# [Material for the task]
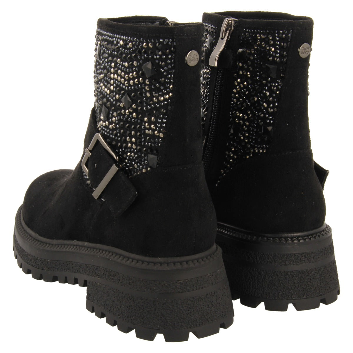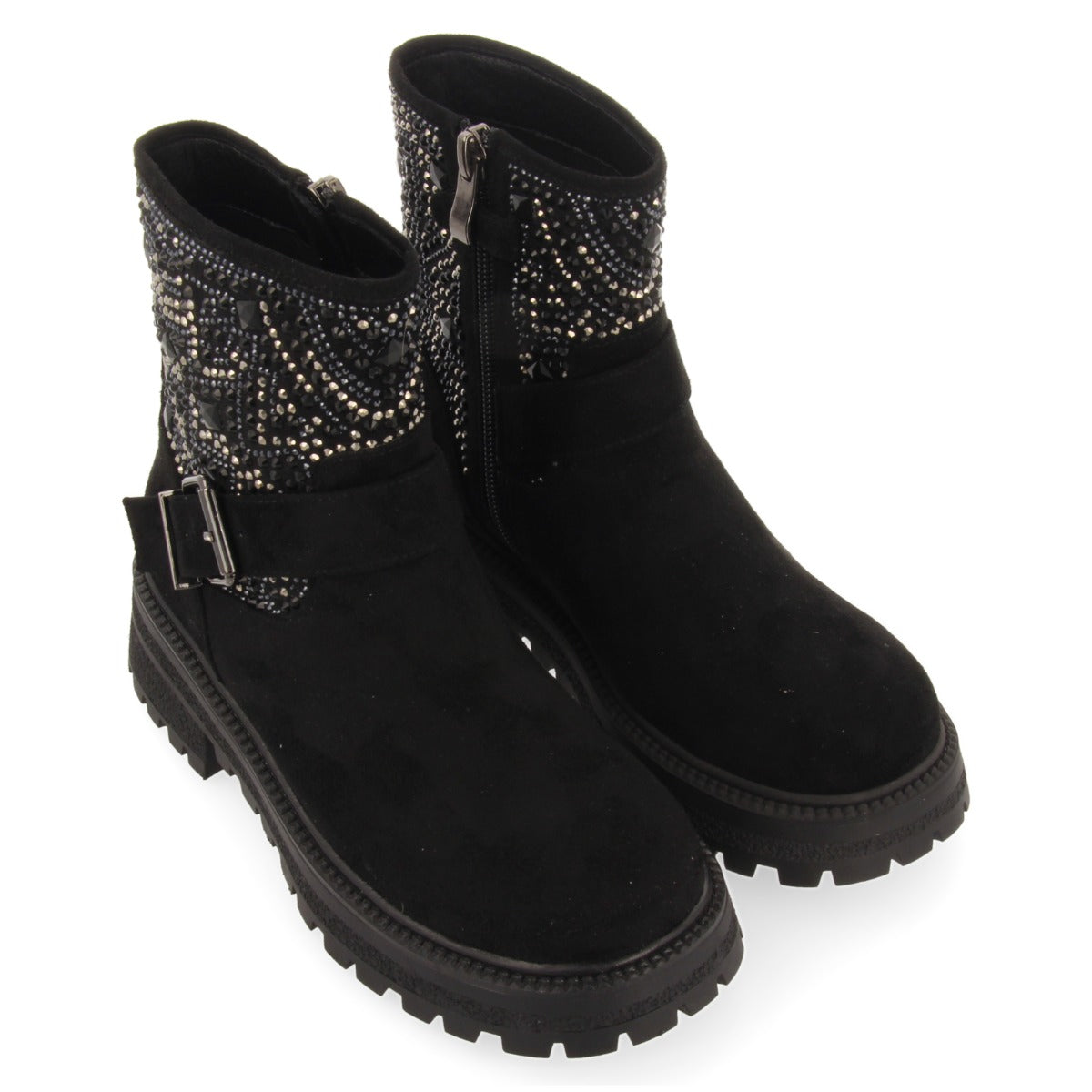 BOTINES NEGROS ESTILO BIKER CON PEDRERÍA PARA NIÑA Y NIÑO SANDL
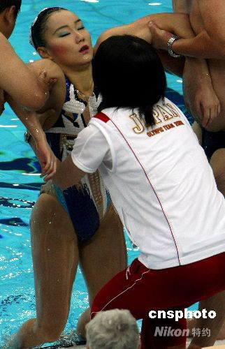8月23日,北京奧運(yùn)會花樣游泳的壓軸戲上演,八只強(qiáng)隊(duì)爭奪獎牌,長期位居世界大賽前三位置的日本隊(duì)不但出現(xiàn)失誤丟失銅牌,而且在比賽結(jié)束后一名選手在水中失去自治能力,在奧運(yùn)會救護(hù)人員與日本隊(duì)隊(duì)友保護(hù)下緩緩挪到岸邊后昏厥,即刻被送醫(yī)院搶救。
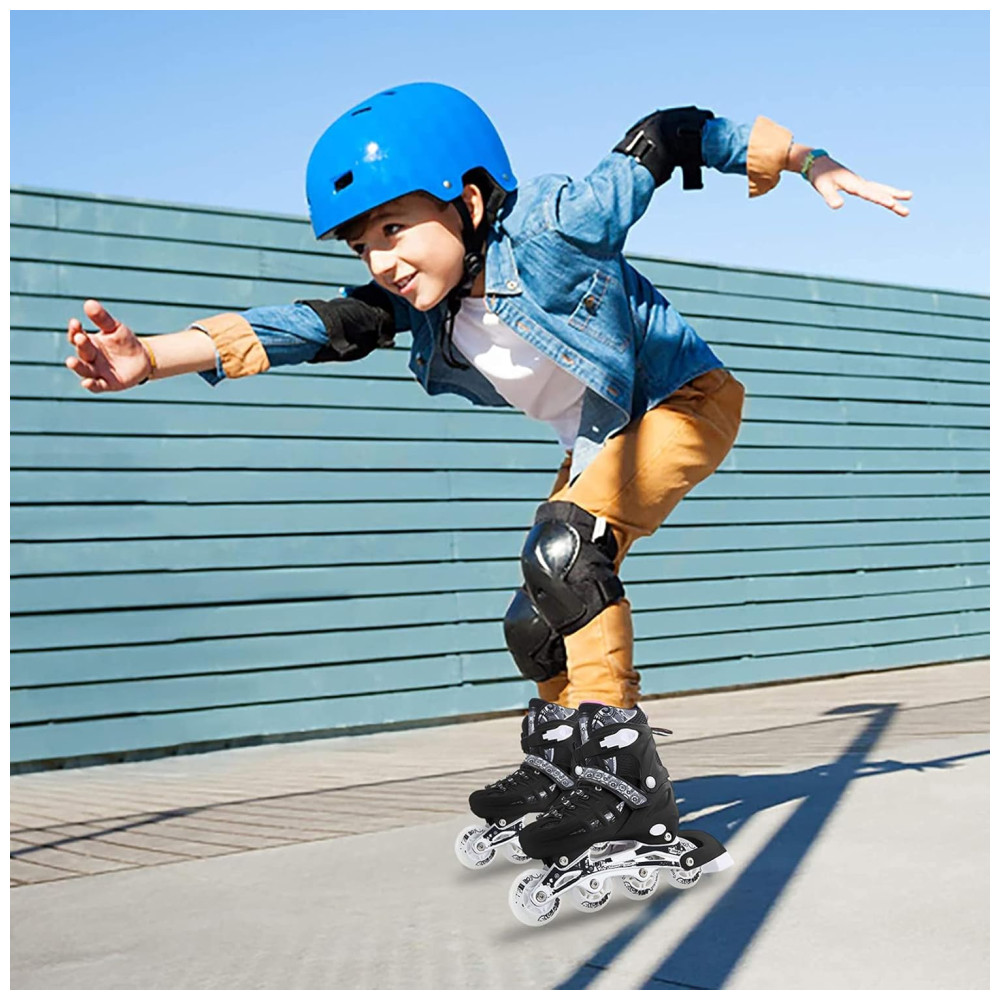 Oito Rodas LED: Nossos patins em linha contam com oito rodas iluminadas que acendem automaticamente ao começar a patinar. As luzes são alimentadas pelo movimento das rodas, eliminando a necessidade de substituição de bateria Imagine como seria incrível piscar intensamente como uma luz no escuro Seus filhos vão adorar essa experiência luminosa.
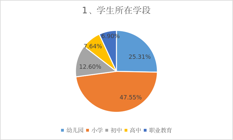 1、被调查孩子所在学段。被调查孩子中,幼儿园幼儿444票,占比25.31%;小学生834票,占比47.55%;初中生221票,占比12.6%;高中生134票,占比7.64%;职业中专学生121人,占比6.9%。小学、幼儿园参与调查较多。
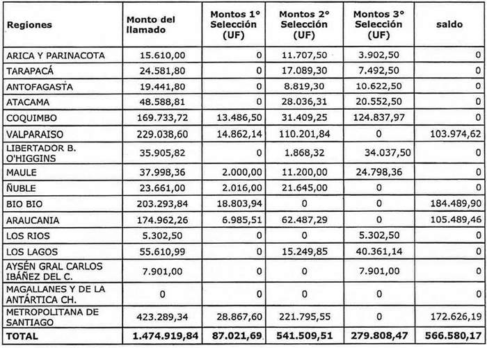 La 1ª selección dispondrá del 100% de los recursos señalados en el resuelvo 7 y los llamados siguientes dispondrán de los saldos sucesivos.
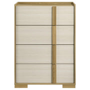 Add a touch of modern elegance to your bedroom with this stylish four-drawer chest. Inspired by contemporary Italian design, this chest features a sleek blend of natural wood tones and crisp white panels crafted from durable, easy-care melamine. The drawers, equipped with metal extension glides and pin-construction joinery, ensure smooth operation and offer ample storage for your clothing and accessories. The vertical lines of the natural finish hardware add a sophisticated touch, perfectly complementing the chest’s clean lines and modern aesthetic. Elevate your home decor with this functional and chic four-drawer chest, designed to bring both beauty and practicality to your space.
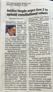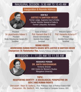 - Dr. Anita Ravishankar, former Director of the UGC Centre for Women’s Studies at Mangalore University, spoke on “Negotiating Identity: A Sociological Perspective on Gen-Z and Human Rights,” addressing issues of identity, gender, and social transformation.
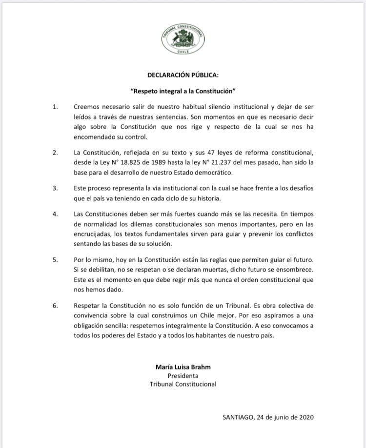 Finalmente, sostiene que es deber del TC respetar la Carta Magna y que “es obra colectiva de convivencia sobre la cual construimos un Chile Mejor. Por eso aspiramos a una obligación sencilla: respetemos integralmente la Constitución. A eso convocamos a todos los poderes del Estado y a todos los habitantes de nuestro país”.
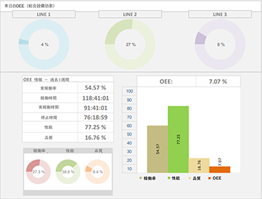 総合設備効率(OEE)や設備稼働率、製造状況の表示や分析が可能です。
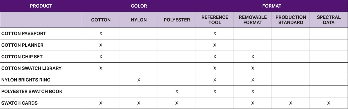 為了確保最佳的目視符合效果,我們建議使用最接近您終端用途材質的色彩版本。我們建議所有布料色彩應用皆使用我們的紡織棉布版產品(TCX)。因為每種材質吸收色彩的效果不同,同樣的顏色在棉布、塑料及漆面紙材上可能會略微變化。
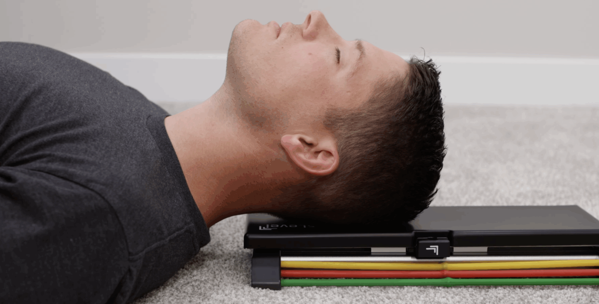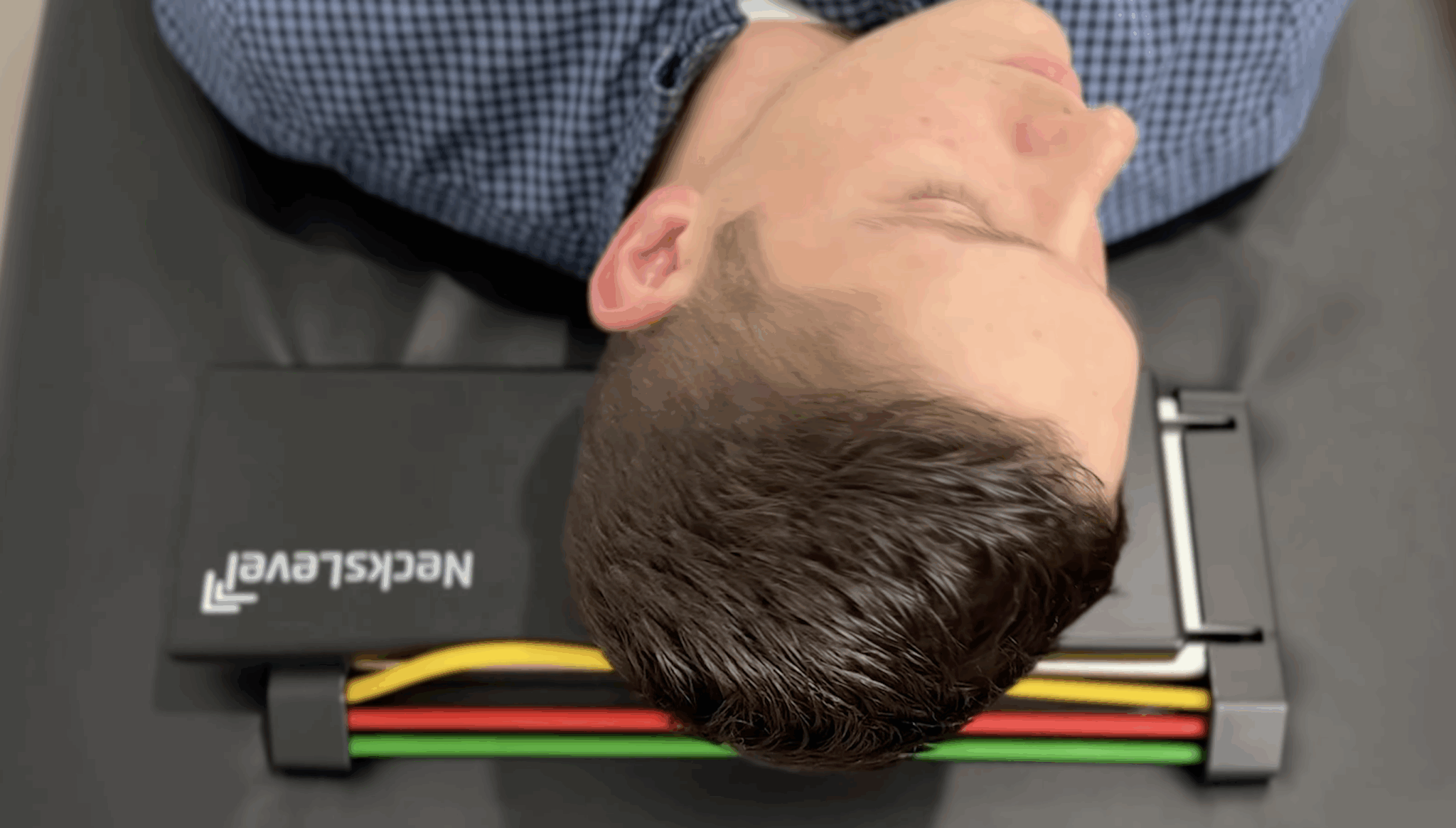 Now, in terms of the NecksLevel Glide, as long as you have a clear space to lie down on the floor, a bed or a treatment table, it’s really easy to use it wherever you need. It’s very simple to set up yourself, just center your head on the device, and you can start stretching or add resistance bands for building strength.
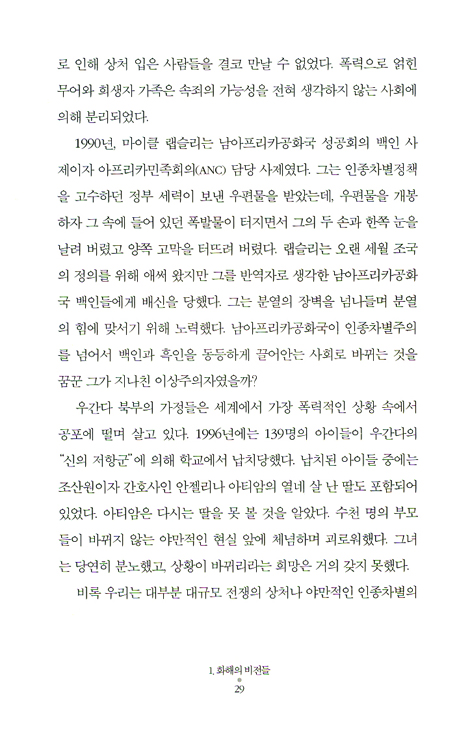 나의 유일한 걱정은 사람들이 이 훌륭한 책을 많이 읽지 않으면 어떡하나 하는 것이다. 이 책은 개인과 단체에 보석과도 같은 책이다. 회복과 화해의 방법을 정확히 배우지 않는다면, 우리에게는 미래가 없을 것이다.
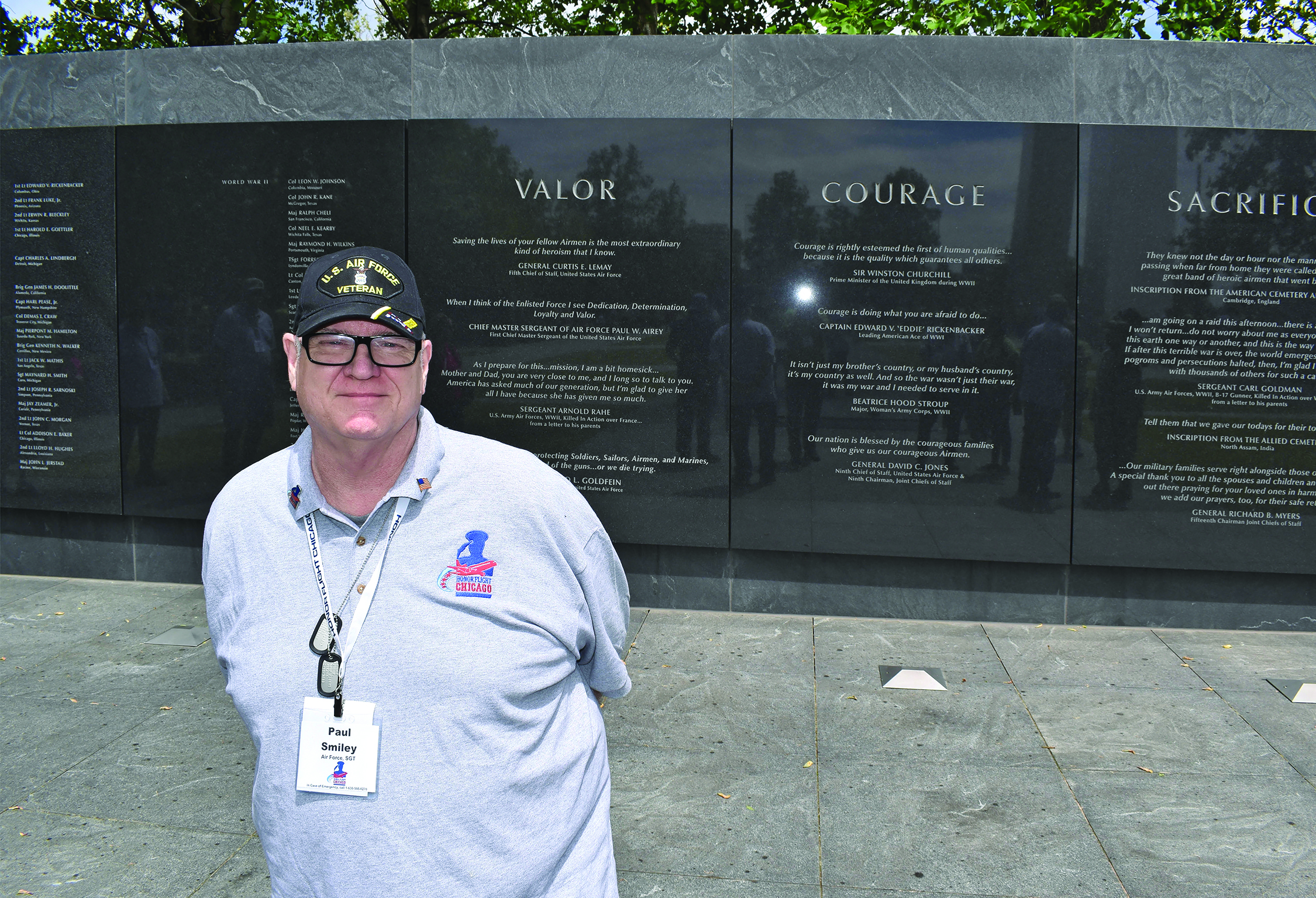 “Honor Flight Chicago brought many emotions to me as I shared the experience with my son [Chronicle Executive Editor Mark Smiley] who served as my guardian,” said Paul Smiley, Air Force Veteran, 1968-1972. “Visiting the memorials throughout Washington, D.C., paying homage to our fallen heroes, and to those traveling with us who served our country was awe inspiring and memorable.”

# [Exercise]
Look above for the line with "Add a touch" and the line with "나의 유일한 걱정은 사람들이"; set down those two lines and all lines between them exactly, without pictures and without anything else.

# [Task response]
 Add a touch of modern elegance to your bedroom with this stylish four-drawer chest. Inspired by contemporary Italian design, this chest features a sleek blend of natural wood tones and crisp white panels crafted from durable, easy-care melamine. The drawers, equipped with metal extension glides and pin-construction joinery, ensure smooth operation and offer ample storage for your clothing and accessories. The vertical lines of the natural finish hardware add a sophisticated touch, perfectly complementing the chest’s clean lines and modern aesthetic. Elevate your home decor with this functional and chic four-drawer chest, designed to bring both beauty and practicality to your space.
 - Dr. Anita Ravishankar, former Director of the UGC Centre for Women’s Studies at Mangalore University, spoke on “Negotiating Identity: A Sociological Perspective on Gen-Z and Human Rights,” addressing issues of identity, gender, and social transformation.
 Finalmente, sostiene que es deber del TC respetar la Carta Magna y que “es obra colectiva de convivencia sobre la cual construimos un Chile Mejor. Por eso aspiramos a una obligación sencilla: respetemos integralmente la Constitución. A eso convocamos a todos los poderes del Estado y a todos los habitantes de nuestro país”.
 総合設備効率(OEE)や設備稼働率、製造状況の表示や分析が可能です。
 為了確保最佳的目視符合效果,我們建議使用最接近您終端用途材質的色彩版本。我們建議所有布料色彩應用皆使用我們的紡織棉布版產品(TCX)。因為每種材質吸收色彩的效果不同,同樣的顏色在棉布、塑料及漆面紙材上可能會略微變化。
 Now, in terms of the NecksLevel Glide, as long as you have a clear space to lie down on the floor, a bed or a treatment table, it’s really easy to use it wherever you need. It’s very simple to set up yourself, just center your head on the device, and you can start stretching or add resistance bands for building strength.
 나의 유일한 걱정은 사람들이 이 훌륭한 책을 많이 읽지 않으면 어떡하나 하는 것이다. 이 책은 개인과 단체에 보석과도 같은 책이다. 회복과 화해의 방법을 정확히 배우지 않는다면, 우리에게는 미래가 없을 것이다.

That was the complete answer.